The only real problem with this project is finding suitable places to hold the classes. Halls or rooms have to be found that are large and nice enough for the people to be willing to attend.
Putting Laymen to Work
Adlai Esteb once asked the following question in a poem:
What would it mean in this crisis hour If all were filled with the Spirit's power?
The church like an army would shine as the sun
And Christ would return, for the work would be done!
That's what it would mean!
The outpouring of the Holy Spirit in the latter rain is one of the most cherished promises of the Scriptures. The Spirit is the source of power for Christian living and witness. Christians who are filled with the Spirit should be able to accomplish the objectives God has for the church, and to respond to the commission to take the gospel to every person on the globe. How can church members find that experience?
Ellen White writes, "When we have entire, wholehearted consecration to the service of Christ, God will recognize the fact by an outpouring of His Spirit without measure; but this will not be while the largest portion of the church are not laborers together with God." —Christian Service, p. 253.
How many church members are presently "laborers together with God"? There is no way to know for sure, but it seems evident that the largest portion are not so involved. In far too many churches the attitude of both the pastors and the lay people has been that the work of evangelism and church administration is the sole responsibility of the pastor; the members are there to give him an audience and to finance the church structure. The pastor's time is crowded with responsibilities and the church's program is complex; hence, even a hard-working minister can do only a fraction of the church's potential work. Though he exerts himself to the utmost, the church's effect on the community around it may be slight. The untouched portion of the community may in some cases increase faster in size than the church.
What if church members could find the motivation, time, and talent to help the pastor? In every church, of course, there are some members who staff the Sabbath school and carry out other church campaigns. Almost everyone who becomes involved in the church's program finds that the church means more to him as a result. Not only does a person who is active in the church have the satisfaction of seeing a part of him self in its work, but he may also learn more about his capacities and potentials, become aware of a need for more strength and wisdom, and thus study the Bible more diligently and pray more earnestly. In doing so he grows spiritually.
It seems to me that most church members are concerned about being active, but they see no way to make a significant contribution of their time.

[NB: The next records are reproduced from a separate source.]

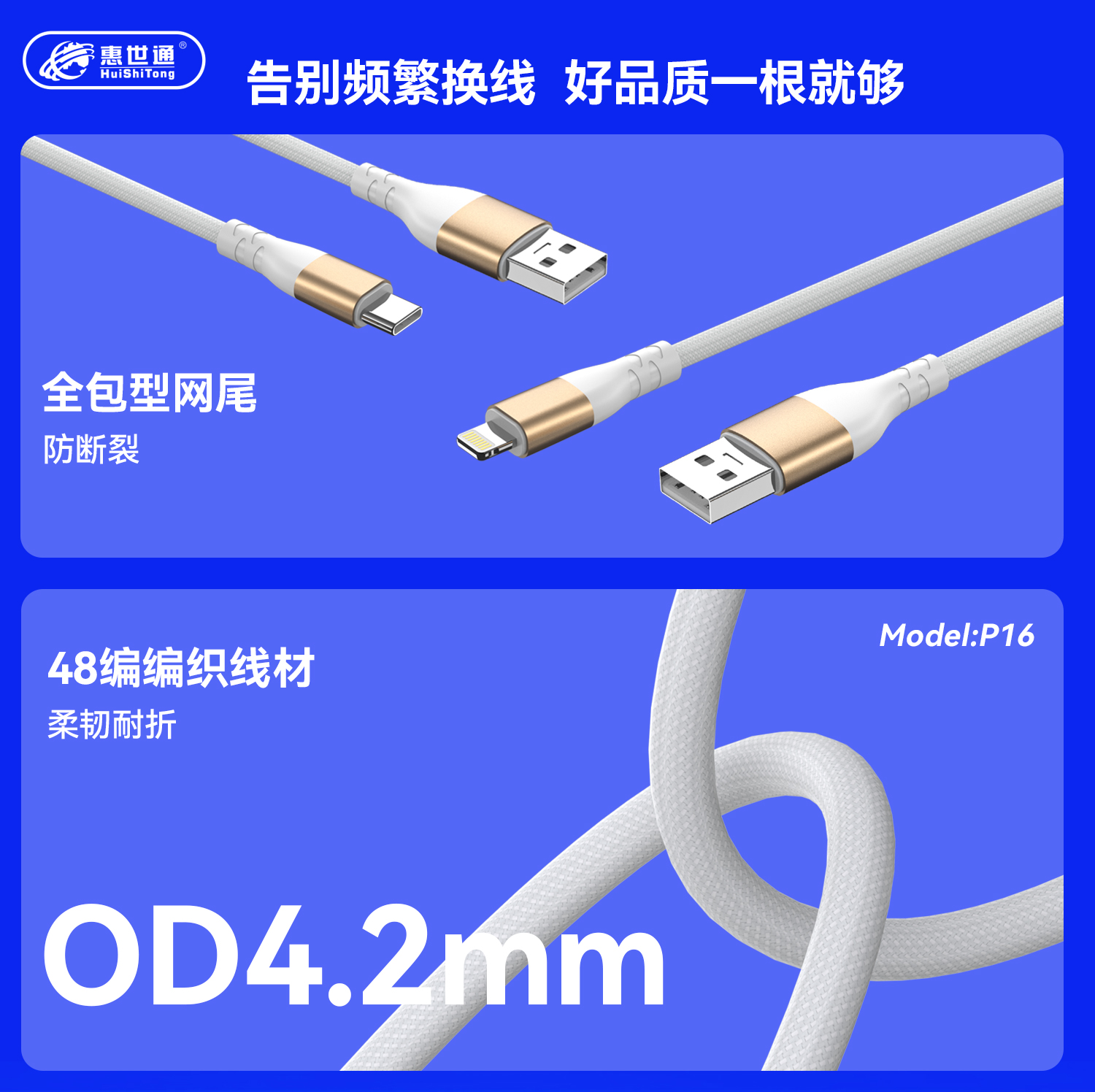 1.TYPE-C接口采用五芯线+全兼容插头,6A大电流,低阻抗减少信号衰减。 2.保持与接头的最佳契合,产品线长1.0M,48绽编织线。线材主体色白色。 3.内部采用环保防断胶料,优质加粗铜线,充电损耗小。 4.采用铝合金套壳工艺,线体4.2mm。加粗铜丝。最大充电功率120W。 5、TYPE-C接口全面支持苹果15,华为,OPPO,VIVO,三星等手机快速充电。苹果接口支持Lightning闪电接口快充。
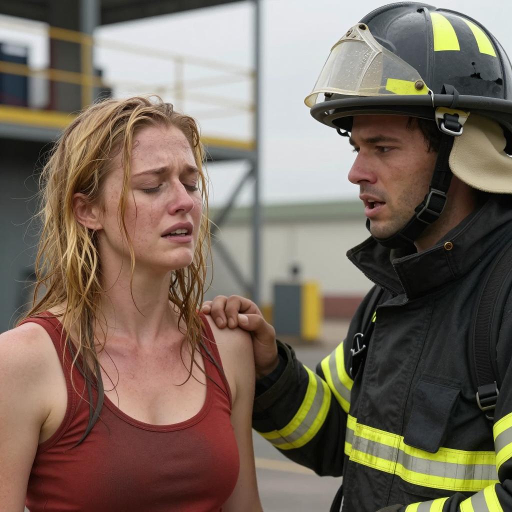 Photograph of a distressed blonde woman and a grinning man, both with dirt-smudged faces. Woman has long hair, eyes closed, mouth open in pain. Man has short, dark hair, clenched teeth, arm around her waist, gripping metal pipe. Background includes dark wooden ure.
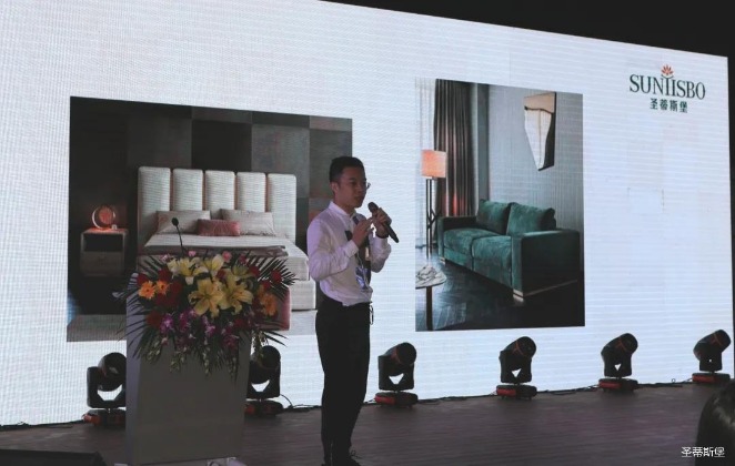 华灯璀璨的开场仪式,点燃了现场如火如荼的气氛。今年会集团集团营销总经理陈玉伟先生对晚会进行了主题发言,他对2020年的营销工作进行了总结,并着重从营销工作部署、重点项目开展、产品整合、拎包帮扶、渠道运营和移动+定制整装优势等方面对2021年的营销工作做了全面的统筹规划。同时,他还讲解了“美国梦凯莎床垫”新品的产品工艺、市场优势、产品定位,使经销商对我们的新产品拥有更深入的认识和了解。
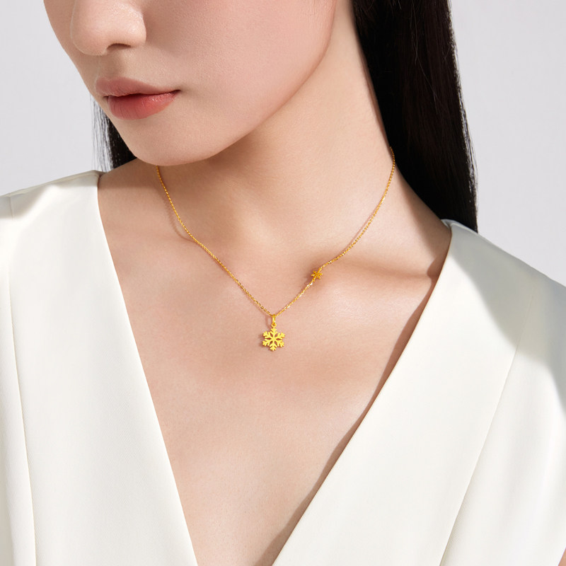 Chow Tai Fook Sparkling Snowflake Pure Gold Gold Pendant Necklace Women's Price EOF553
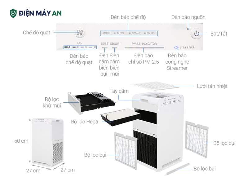 Máy được thiết kế 3 cửa hút gió (trước – trái – phải) giúp thu hút một lượng lớn không khí bẩn, nhanh chóng đưa qua hệ thống lọc bụi, khử mùi và Streamer để trả lại luồng khí sạch.
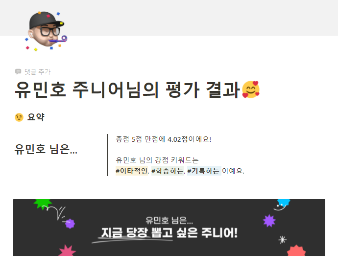 페이스북을 돌아다니다 '주니어의 포트폴리오를 시니어가 평가해줍니다'라는 타이틀로 이색 프로젝트를 진행하고 있어 참여해보았는데, 네카라쿠배 혹은 유망한 스타트업 시니어들이 평가해주고 피드백해주셔서 어떻게 하면 더 잘할 수 있을지 고민해보는데 도움이 되었다.
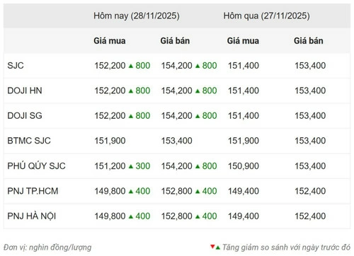 Cụ thể, tại thời điểm 9 giờ sáng 28-11, Công ty Vàng bạc đá quý Sài Gòn (SJC) niêm yết giá vàng miếng SJC mua vào-bán ra ở mức 152,2-154,2 triệu đồng/lượng, tăng 800.000 đồng so chốt phiên trước đó. Chênh lệch mua-bán 2 triệu đồng/lượng.
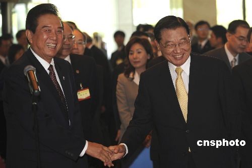 4月25日,陈云林在南京紫金山庄迎接江丙坤一行。海协会和海基会第三次会谈26日将在南京紫金山庄举行。中新社发 廖攀 摄
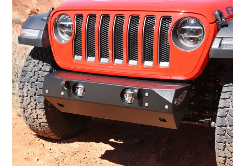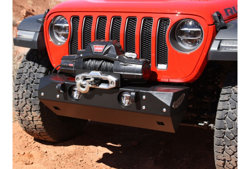 The new Rock Hard Wrangler JL & JT Patriot Series Bumper is all you need to beef up the front end of your JL or JT. Comes 100% bolt on install and with a nice black powder coated finish. These bumpers will accept the factory fog lights, and aftermarket light mounting tabs are included. This bumper uniquely positions your winch on TOP of your frame rails, not lowered. The Winch fairlead mounting plate is included. This makes all winches compatible with our bumper with zero trimming required.

The pastor too often has not provided opportunity for church members to get involved. Everything important or crucial depends on him; he runs the show. Ellen White says, "Those who have the spiritual oversight of the church should devise ways and means by which an opportunity may be given to every member of the church to act some part in God's work. Too often in the past this has not been done. Plans have not been clearly laid and fully carried out whereby the talents of all might be employed in active service. There are but few who realize how much has been lost because of this." —Testimonies, vol. 9, p. 116. (Italics supplied.)
A recent survey in the Lake Union Conference revealed that there were more than 200 separate projects and programs that the pastors were sup posed to promote. As a result of their unsuccessful attempt to deal with so many things, many pastors become frustrated and discouraged. Yet they may not realize that some of this load could be carried by church members.
Note this observation from the pen of Ellen White: "Ministers should not do the work which belongs to the church, thus wearying themselves, and preventing others from performing their duty. They should teach the members how to labor in the church and in the community." —Historical Sketches, p. 291.
Need for Careful Organization and Planning
If the responsibility for the church's maintenance is to be entrusted to so many different hands, there is a great need for sound organization and careful planning. Of course, this takes time and effort. Some pastors may feel them selves too busy to do so; but the urgent counsel comes to them:
"There should be a well-organized plan for the employment of workers to go into all our churches, large and small, to instruct the members how to labor for the upbuilding of the church and also for unbelievers."—Testimonies, vol. 9, p. 117.
The burden of laying these plans and drawing up the organization chart can often be shared with some of the church members. Sometimes the local pastor can get help from leaders in his local or union conference. In the Lake Union Conference, the departmental secretaries are being organized to give this kind of help. The stewardship secretaries are training local church leaders to handle the financial matters and fund raising. The youth department secretaries assist in the forming and staffing of local youth organizations such as the Pathfinders. The educational directors help train chairmen for local church school boards. The lay activities leaders help church members organize and implement annual church promotional campaigns, such as the Ingathering effort, and Community Services centers. Communication secretaries conduct workshops at which church members may learn the methods of effective public relations and publicity for their church. Other services are available to aid the local church members find the training and inspiration to do some of the many tasks needed to keep a local church operating harmoniously. A local church so organized will meet the various objectives of the gospel commission without overemphasizing some and neglecting others.
Those who enter the pastoral ministry are called to do a spiritual kind of work for the Lord—preaching, teaching, counseling, helping people understand the claims of God on their lives, and pointing them to the joy of salvation in Christ. With their special training in college and Seminary and their subsequent growth through practice and experience, they should be equipped to exert a strong spiritual influence on their community. When they are burdened with local church administrative details, this influence may be diminished. If the local church members can come to view themselves as integral parts of the church and participate in its material and devotional functions, the pastor's time can be freed for more of this essential work. In this way church members may participate doubly in the outreach of the church—they can extend the pastor's time for his work, and they can bear their own witness to people they associate with.
When the majority in a congregation catch the vision of this total involvement of the church in its effort to reach the community and the world with the knowledge of Christ's saving power, that congregation will indeed be alive in the Spirit. Ellen White writes: "Those only who are constantly receiving fresh supplies of grace, will have power proportionate to their daily need and their ability to use that power. Instead of looking forward to some future time when, through a special endowment of spiritual power, they will receive a miraculous fitting up for soul winning, they are yielding themselves daily to God, that He may make them vessels meet for His use. . . . Daily they are witnessing for their Master wherever they may be, whether in some humble sphere of labor in the home, or in a public field of usefulness." —The Acts of the Apostles, p. 55.
If God's people are not filled with the Spirit's power now, it is not because He is reluctant to give it to them. He will send it as soon as they ask for it, in order to make them more effective soul winners (ibid., p. 37). Someday the work will be finished to the Lord's satisfaction and He will return. Attractive as the Promised Land may look to us now, we must not spend our time daydreaming about that future and weeping that we haven't entered it sooner. "Our part is not to sit still and weep and wring our hands, but to arise and work for time and for eternity." —Christian Service, p. 83.